In case there are only a few null data values, then dropping those would not make much sense as it may lead to loss of information. If the data column is numeric, then the most common way to impute a missing value is calculating the mean or median depending on if the data type is continuous or discrete. In some cases, when you only have two values like 1 or NA, then you can impute NA with 0.
For example, to impute NA or missing values with 0 we can use below sample code in python.
data = data.fillna(0)
Another option to impute missing values is by median of the same column as shown below.
data = data.fillna(data.median())
For categorical data, we can impute it with the mode of that column. The mode is nothing but the most frequent category of the column as seen in the example below were the value shows a NA.
Data transformation is a technique to transform raw data into some more meaningful format that is ready for analysis. It will ensure maximum data quality which is imperative to gaining accurate analysis.

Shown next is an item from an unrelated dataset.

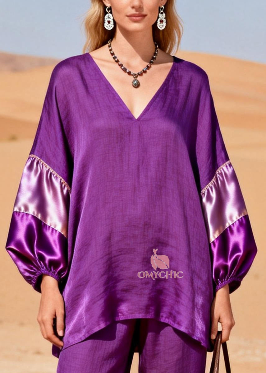 Women Dark Purple Oversized Patchwork Cotton Two Piece Set Spring

In the following section, we explore the different kinds of encoding or transformation techniques needed for different data types
ML algorithms work well with numeric data but in reality, you can get a mix of categorical and numerical data. There are two types of categorical data:
- Nominal – Data that contains a set of unique values that don’t have any ordered relationship, for example, “Sex”.
- Ordinal – This type of data is a special case of a categorical feature. Ordinal data values are sorted in some meaningful order, for example, “Level of Education: Kindergarten, Undergraduate, Bachelor, Master, Doctoral”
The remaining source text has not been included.